--- Given records ---
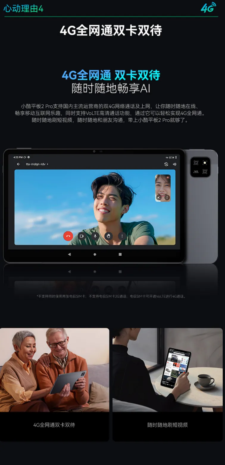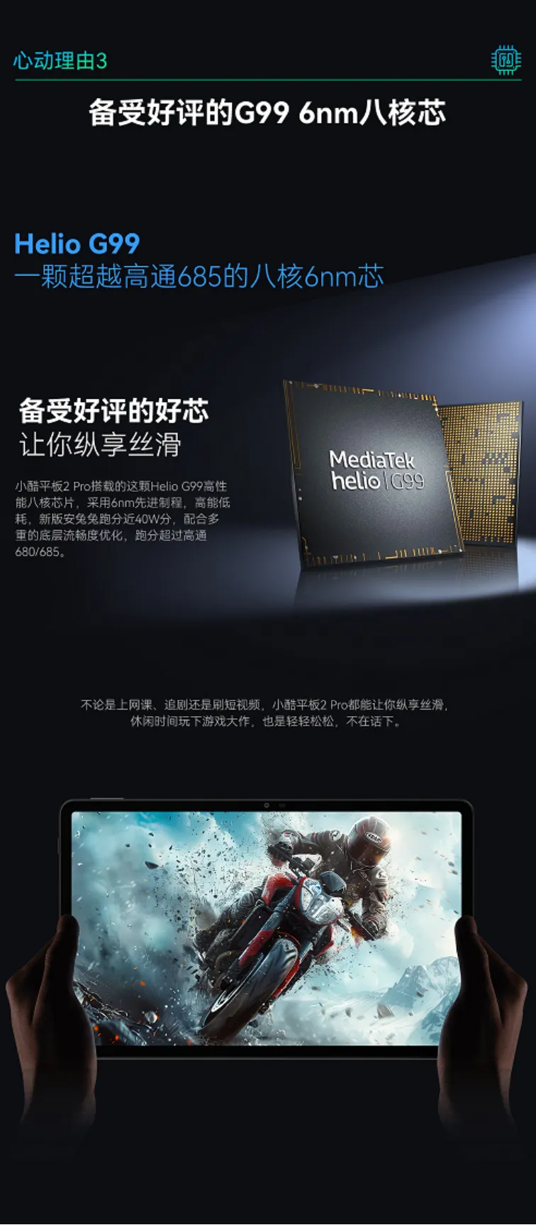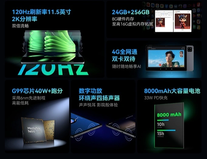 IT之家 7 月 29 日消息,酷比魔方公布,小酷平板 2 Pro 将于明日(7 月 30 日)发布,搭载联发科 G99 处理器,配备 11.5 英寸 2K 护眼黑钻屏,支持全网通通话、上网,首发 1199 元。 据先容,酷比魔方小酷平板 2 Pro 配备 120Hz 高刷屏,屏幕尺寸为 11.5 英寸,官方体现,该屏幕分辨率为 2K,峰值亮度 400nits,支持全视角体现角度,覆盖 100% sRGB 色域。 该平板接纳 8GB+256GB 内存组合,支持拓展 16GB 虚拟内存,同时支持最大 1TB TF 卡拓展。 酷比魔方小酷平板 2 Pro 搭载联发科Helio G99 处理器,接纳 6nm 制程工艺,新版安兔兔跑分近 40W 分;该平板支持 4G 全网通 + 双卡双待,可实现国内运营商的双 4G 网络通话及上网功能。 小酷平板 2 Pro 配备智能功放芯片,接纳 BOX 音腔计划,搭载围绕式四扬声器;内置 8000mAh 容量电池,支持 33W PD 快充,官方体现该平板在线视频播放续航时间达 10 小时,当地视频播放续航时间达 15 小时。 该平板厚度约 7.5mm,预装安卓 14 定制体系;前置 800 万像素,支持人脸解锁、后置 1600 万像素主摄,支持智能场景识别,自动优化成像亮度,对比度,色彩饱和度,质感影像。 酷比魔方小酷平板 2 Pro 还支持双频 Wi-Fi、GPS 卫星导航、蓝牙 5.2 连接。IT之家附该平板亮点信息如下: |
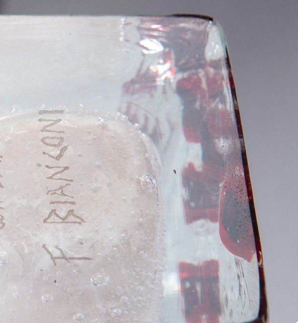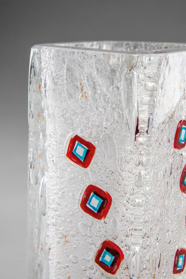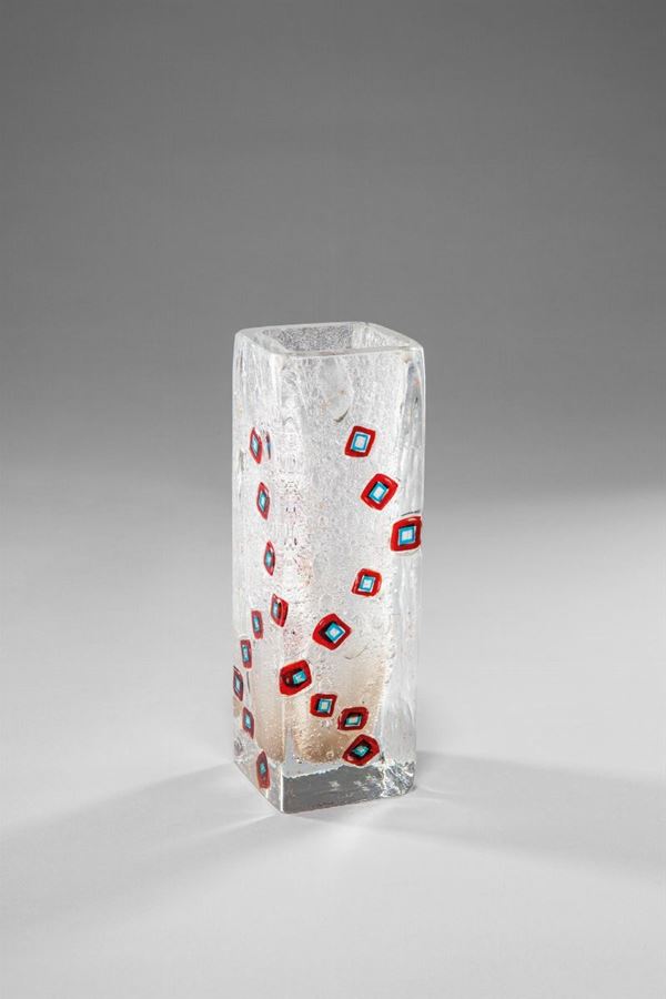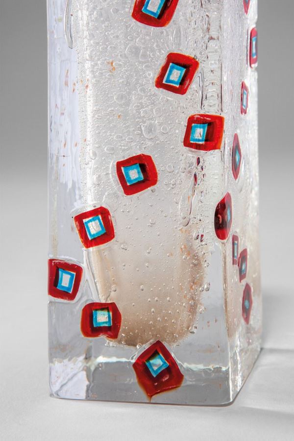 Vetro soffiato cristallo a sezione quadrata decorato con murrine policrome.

---

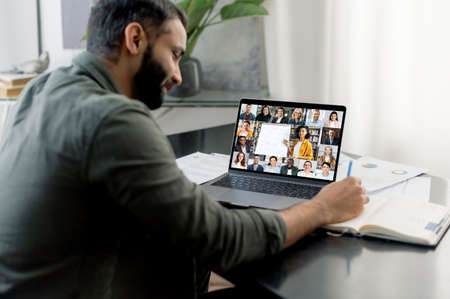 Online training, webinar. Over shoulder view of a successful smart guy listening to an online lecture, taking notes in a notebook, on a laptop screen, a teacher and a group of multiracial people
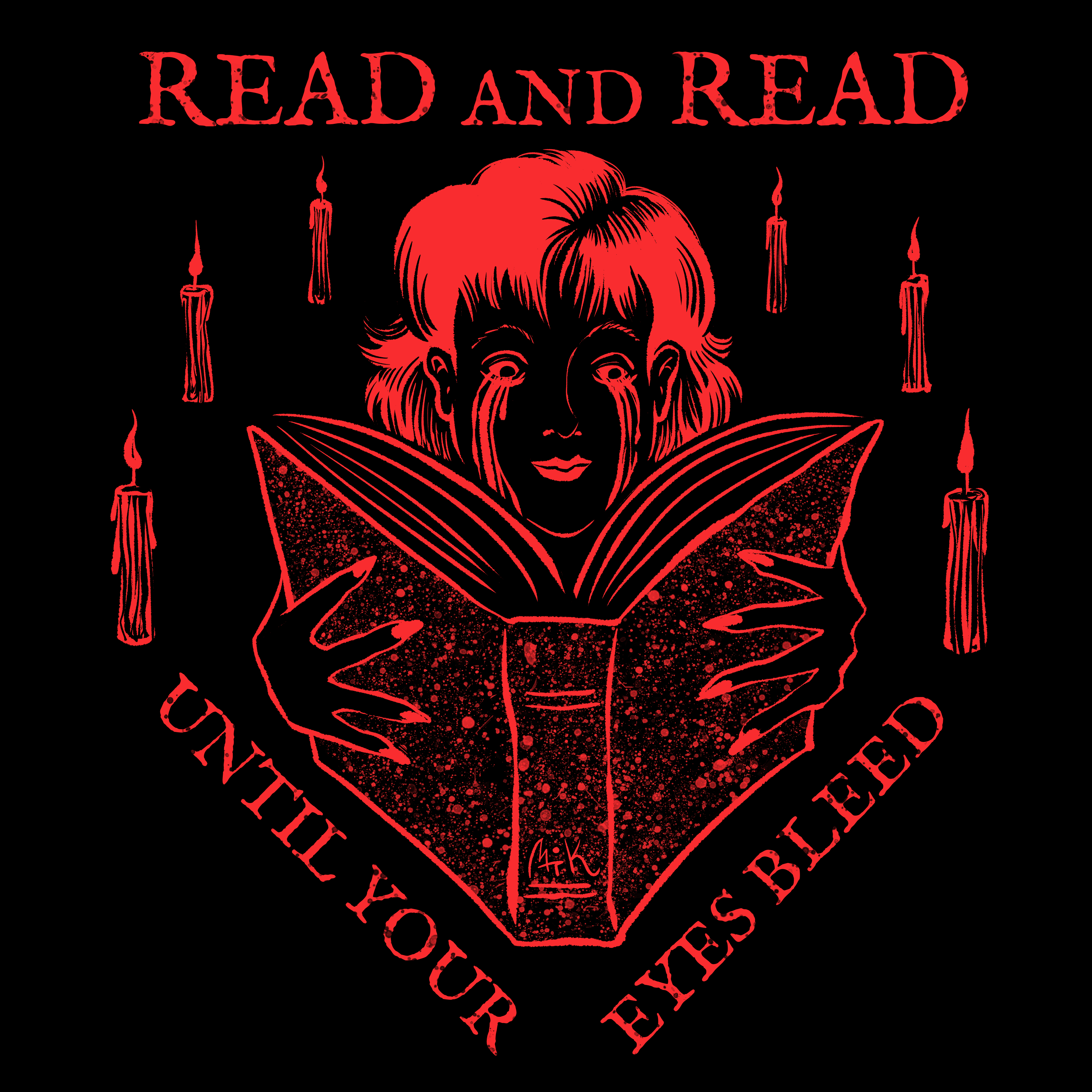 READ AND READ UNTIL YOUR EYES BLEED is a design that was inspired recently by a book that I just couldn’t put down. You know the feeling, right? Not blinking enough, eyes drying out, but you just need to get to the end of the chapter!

* * *

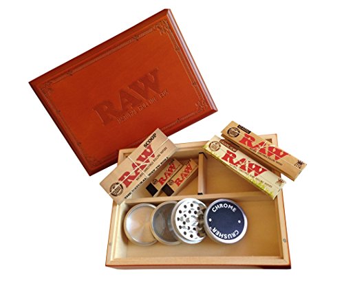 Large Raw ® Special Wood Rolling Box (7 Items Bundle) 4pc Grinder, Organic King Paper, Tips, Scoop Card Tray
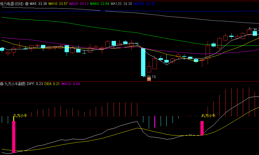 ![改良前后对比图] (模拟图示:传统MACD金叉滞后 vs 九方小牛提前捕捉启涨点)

--- What you need to do ---
Copy the lines above exactly, starting with the line that contains "Online training, webinar." and ending with the line that contains "READ AND READ", and leave out any pictures.

--- Task result ---
 Online training, webinar. Over shoulder view of a successful smart guy listening to an online lecture, taking notes in a notebook, on a laptop screen, a teacher and a group of multiracial people
 READ AND READ UNTIL YOUR EYES BLEED is a design that was inspired recently by a book that I just couldn’t put down. You know the feeling, right? Not blinking enough, eyes drying out, but you just need to get to the end of the chapter!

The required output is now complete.